Am J Med Genet A. 2023 Sep;191(9):2416-2421. doi: 10.1002/ajmg.a.63307. Epub 2023 May 30.
Heterozygous pathogenic variants in PPP2R5D gene are associated with PPP2R5D-related neurodevelopmental disorder, a rare autosomal dominant condition, characterized by neurodevelopmental impairment in childhood, macrocephaly/megalencephaly, hypotonia, epilepsy, and dysmorphic features. Up-to-date, only approximately 100 cases have been published in the literature and the full phenotypic and genotypic spectrum have not yet been fully described. PPP2R5D gene encodes the B56δ subunit of the PP2A enzyme complex. We describe a neonatal form of PPP2R5D-related disorder with early infantile death, caused by a novel in-frame deletion causing loss of 8 amino acids and insertion of serine at position 201 (p.Phe194_Pro201delinsSer) of the B56δ subunit. This deletion is predicted to disrupt a critical acidic loop of amino acids important for binding other subunits of the PP2A enzyme complex, and harbors many of the residues previously reported to cause a mild-moderate form of this condition. This report describes a neonatal lethal presentation of the PPP2R5D-related neurodevelopmental disorder and provides additional evidence that disruption of the acidic loop is an important pathomechanism underlying PPP2R5D-related disorder.
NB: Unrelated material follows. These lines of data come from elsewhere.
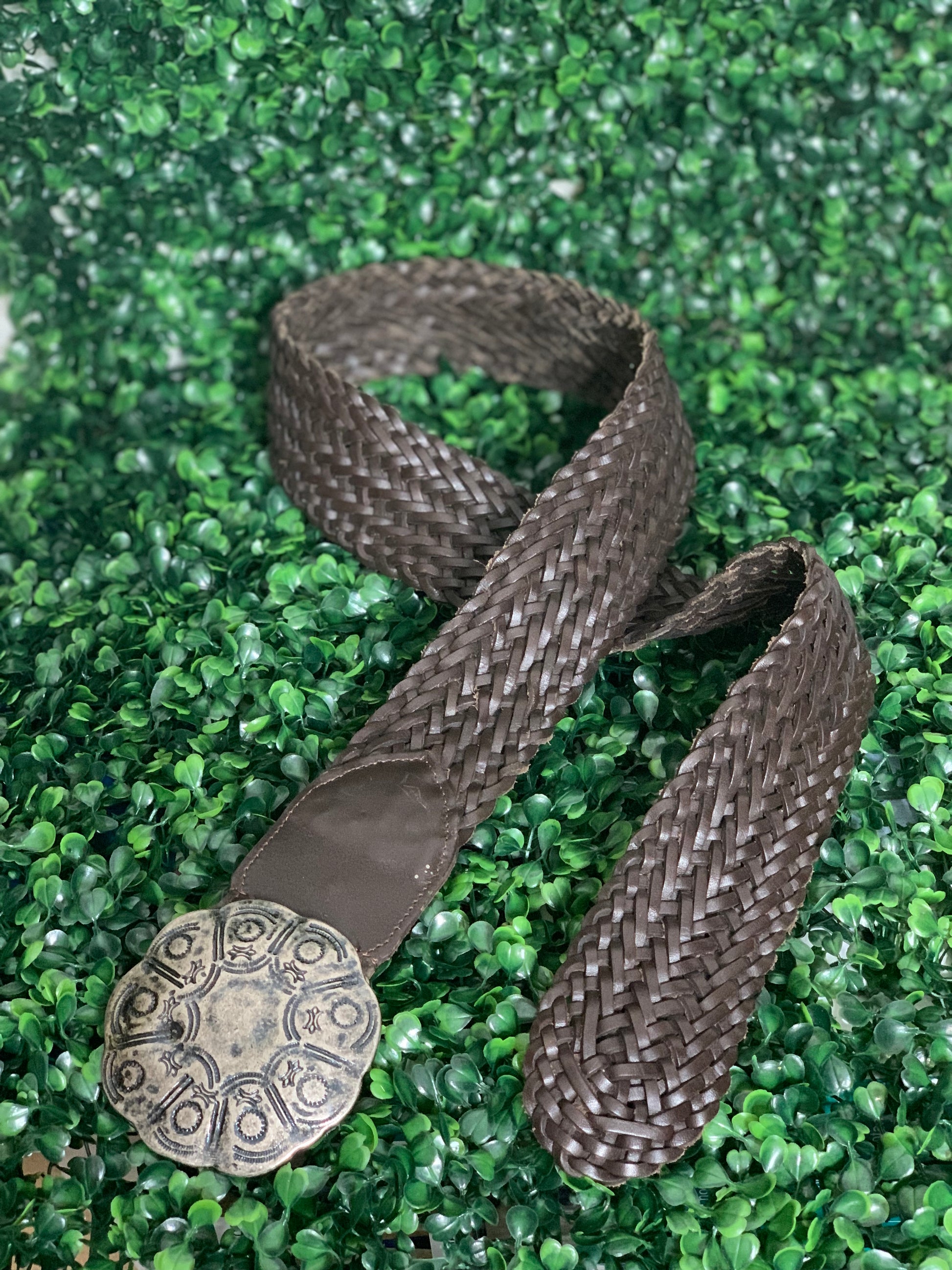 Brown Abercrombie & Fitch leather belt with oversize buckle.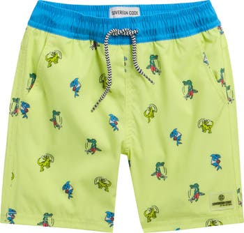 Silly shark-themed graphics lend kid-approved whimsy to swim trunks built with a trio of pockets so they can store all their beach-day finds.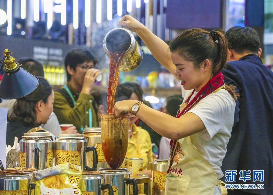 11月7日,在進(jìn)博會食品及農(nóng)產(chǎn)品展區(qū),參展人員制作“金茶王”港式奶茶。 新華社記者 殷剛 攝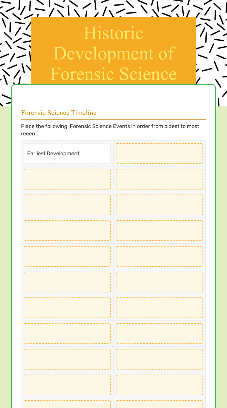 Forensic Science Timeline Worksheet / Forensic Science Timeline By Carlee Baker :. What courses are required for forensic science?. Forensic scientists apply scientific principles from fie. Forensics is the study and use of science and technology to resolve criminal, civic and regulatory matters. How much do forensic science pathologists make?. Their work can identify possible suspects, determine c.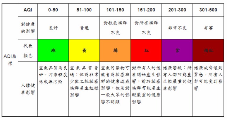 因此,環保署才在2016年將原本的空氣污染指標(PSI)、強化細懸浮微粒(PM2.5)併陳的雙指標方式,改以空氣品質指標(AQI)取代,並在12月1日上路;AQI整合PM2.5、新增臭氧8小時2項目,是我國目前最新空氣品質標準判斷依據,不僅關注PM2.5,也關注PM10與臭氧。

PPP2R5D 基因杂合致病性变异与 PPP2R5D 相关神经发育障碍相关,这是一种罕见的常染色体显性疾病,其特征为儿童时期神经发育障碍、大头畸形/巨脑畸形、张力减退、癫痫发作和发育异常特征。迄今为止,文献中仅报道了约 100 例病例,且尚未充分描述其完整的表型和基因型谱。PPP2R5D 基因编码 PP2A 酶复合物的 B56δ 亚基。我们描述了一种由新型框内缺失导致 8 个氨基酸缺失并在 B56δ 亚基第 201 位插入丝氨酸(p.Phe194_Pro201delinsSer)引起的 PPP2R5D 相关疾病的新生儿形式,导致该疾病。该缺失预计会破坏对结合 PP2A 酶复合物其他亚基至关重要的关键酸性环,并且包含许多先前报道导致该疾病轻度至中度形式的残基。本报告描述了 PPP2R5D 相关神经发育障碍的新生儿致死表现,并提供了额外的证据,表明酸性环的破坏是 PPP2R5D 相关疾病的重要发病机制。